楽天ドラフト1位の武藤好貴を筆頭に、ヤクルトの西崎聡や日本ハムの星野八千穂もOBに名を連ねます。
2026年には元千葉ロッテの田中楓基が加わり、旭川実業出身の右腕が地元のクラブで再出発を切りました。
JR北海道硬式野球クラブに関するよくある質問(FAQ)
Q. JR北海道硬式野球クラブはいつ創部されましたか?
A. 前身の北海道鉄道管理局として1909年に創部され、北海道で最も古い伝統を誇る社会人野球のクラブです。
Q. いつクラブチームになりましたか?
A. 2016年に企業チームを退いて翌2017年からクラブチーム化し、その後も都市対抗の常連として活躍しています。
Q. 都市対抗野球への出場実績はありますか?
A. 通算18回の出場を誇り、2007年には初勝利からベスト4に進む歴史的な快挙を成し遂げました。
Q. 監督は誰ですか?
A. 大阪桐蔭高校から関西大学へ進んだ乙須正太監督で、2025年に5年ぶりの都市対抗出場へチームを導いています。
Q. どんなプロ野球選手を輩出していますか?
A. 楽天ドラフト1位の武藤好貴を筆頭に、西崎聡や星野八千穂など多くの投手をプロの世界へ送り出してきました。
Q. 2026年の注目選手は誰ですか?
A. エース格の内沢航大や強打の捕手・南木寿也に加え、元千葉ロッテの田中楓基も2026年加入の注目選手です。
JR北海道硬式野球クラブのまとめ
JR北海道硬式野球クラブは1909年に前身が創部された北海道最古のチームで、都市対抗18回を誇る道内クラブの雄です。
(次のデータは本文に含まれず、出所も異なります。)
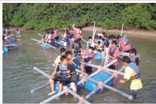
團結就是力量——領袖訓練營
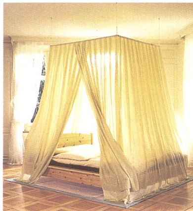
Swiss Shield Baldachin

Das Metall-Filament wird spiralförmig eingesponnen und kommt in bestimmten Abständen an die Oberfläche. In diesem Spinnverfah-
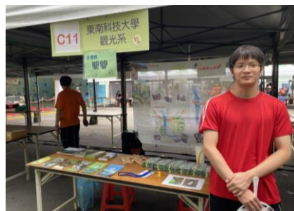
「2020臺北自然生態保育活動」宣達「新店散步走」摺頁成果
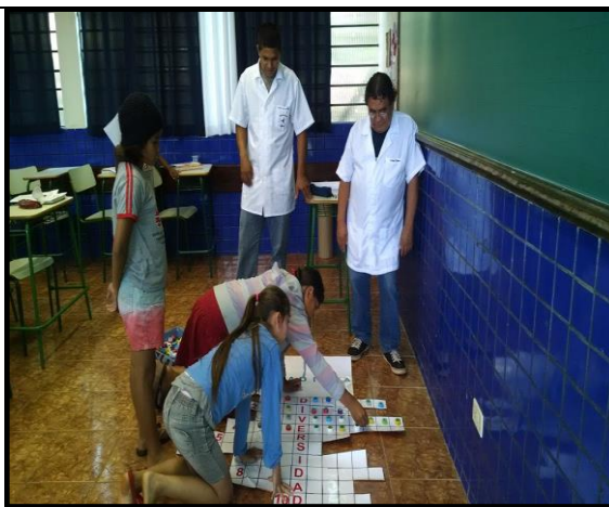
Práticas pedagógicas desenvolvidas nas terras indígenas com temas sobre cultura e língua guarani. PIBID – Diversidade 2016
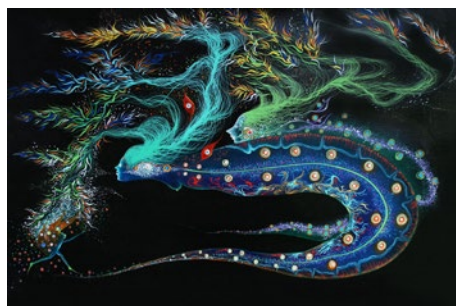
Hijas de la lluvia

2026年も北海道の代表を勝ち取って2年連続の本大会出場を決め、元プロの田中楓基も加わり戦力が充実しました。
エース格の内沢航大や強打の南木寿也を中心に、2007年以来となる上位進出を大きな目標に掲げています。
数多くのプロを輩出してきた育成力も光り、道内屈指の実力を長く積み重ねてきました。
北海道のクラブ野球をけん引するJR北海道のこれからの戦いに、これからも大きな注目が集まります。